First of all, start small. This seems obvious, but when you're in the park watching far better riders throw 720s and backflips, it's pretty easy to get sucked into or hype yourself into hitting something you're not ready for. All that is going to do is discourage you and possibly get you hurt. Just remember, those guys throwing those tricks that you (and I) hope to someday throw had to start out from somewhere too.

What I did was find a nice small jump and I didn't even fully tackle it at first. Get comfortable popping off the shoulder at a height of 2-3 feet, whatever you're comfortable with. Build you up some confidence doing this and once you're completely comfortable with that, then go ahead and hit the jump full on.

Now, when you're hitting the jump full on, realize that every being of your body is going to be telling you to face forward.
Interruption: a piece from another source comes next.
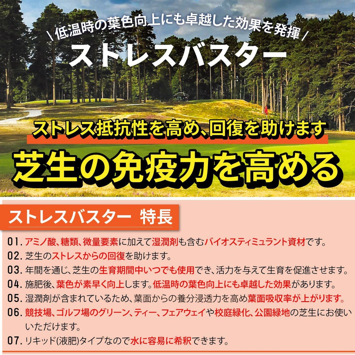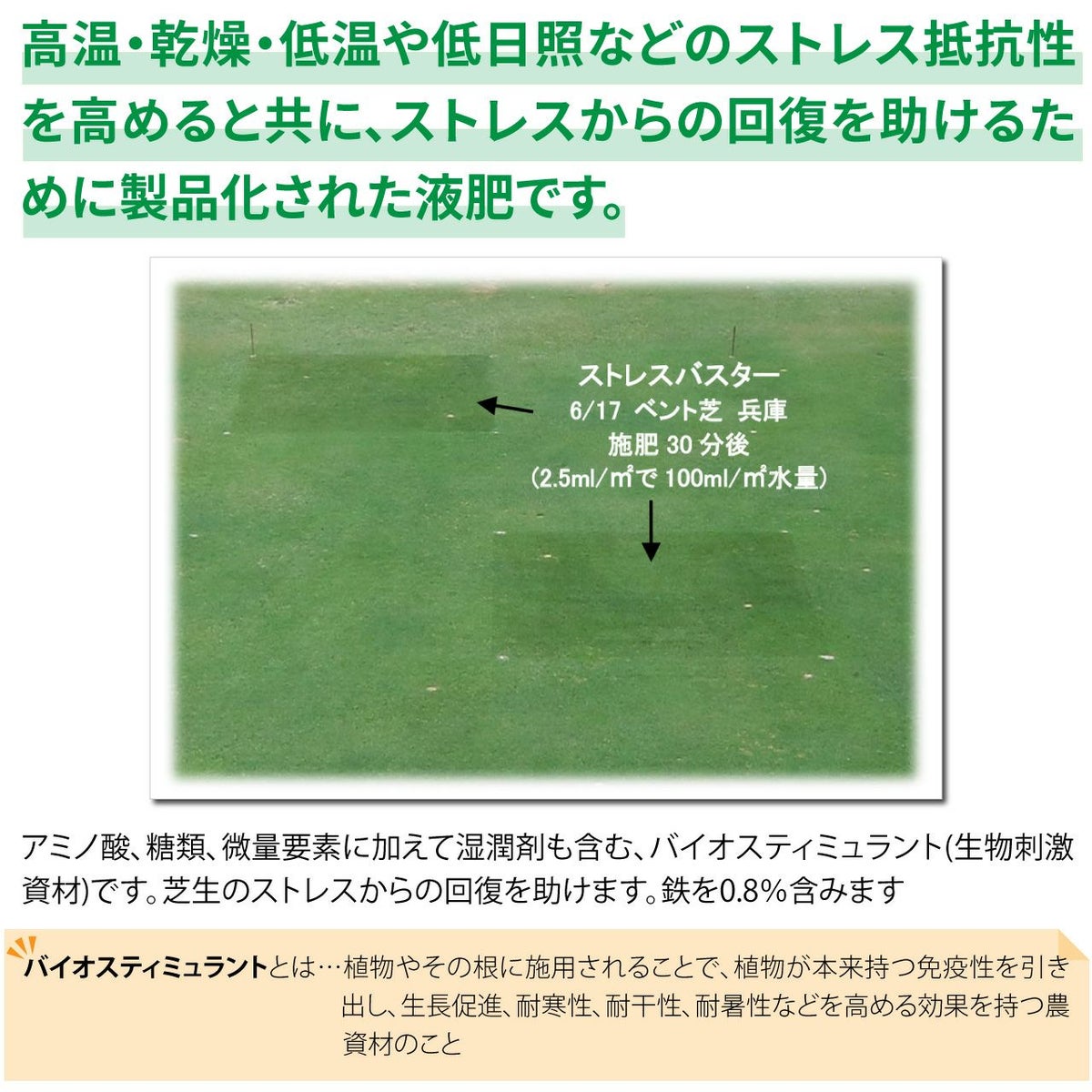 他の画像を見る ゴルフ場で使われているプロ用液肥。高温、乾燥、低温や低日照などのストレス抵抗性を高めると共にストレス回復を助ける液肥です。 HYPONeX ICL 芝生専用リキッド有機活力液肥ストレスバスター 20L 10L×2本 ハイポネックス 業務用【予約注文品 約1週間で出荷】 販売価格 ¥ 68,860 税込 カートに入れる お気に入りに登録する

You have to realize, you're sliding down a slope sideways and know you're about to be airborn. Your instincts will tell you to square your shoulders to the motion just like they did when you were first learning to ride. If you have an issue with this, point in the direction you're going, it'll help. 
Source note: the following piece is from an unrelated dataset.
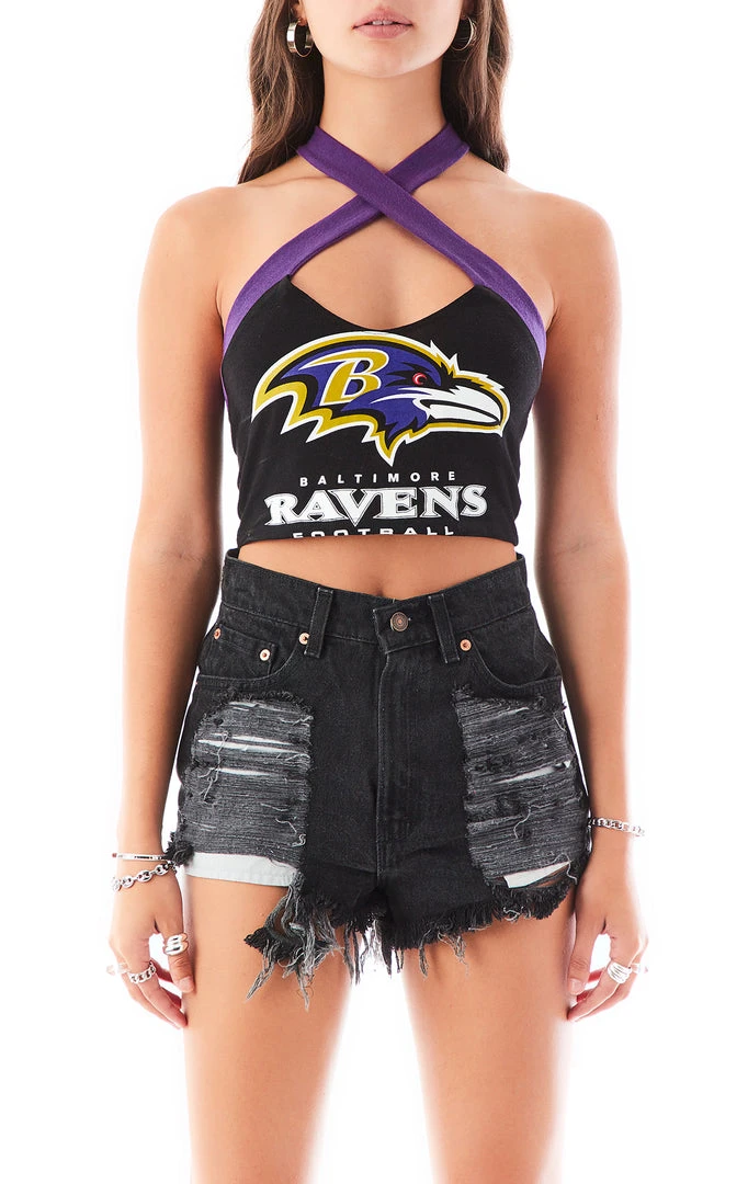 We love this for you. Furst of a Kind took a vintage Baltimore Ravens tee and reworked it into the sickest tailgate top ever, hands down. We love the contrast criss cross neckline that creates the perfect little peekaboo moment at the bust. It’s remade vintage like you’ve never seen before.

If you find yourself getting too much in the backseat and landing on the tail or losing balance and washing out on your heel edge on the landing, go for an indy grab. Going for indy grabs helped me more than anything. First of all, it gets your body weight going forward which keeps you from getting in the back seat. I think it also just helps give your conscious mind something to occupy itself with instead of screaming "Oh shit, we're in the air, what do we do?!" and trying to convince you to square your shoulders.

The last tip I have is to ride it out. I was washing out on some of my earlier attempts by trying to scrub speed immediately upon landing. Don't do that. Just ride it out and get stable before scrubbing speed.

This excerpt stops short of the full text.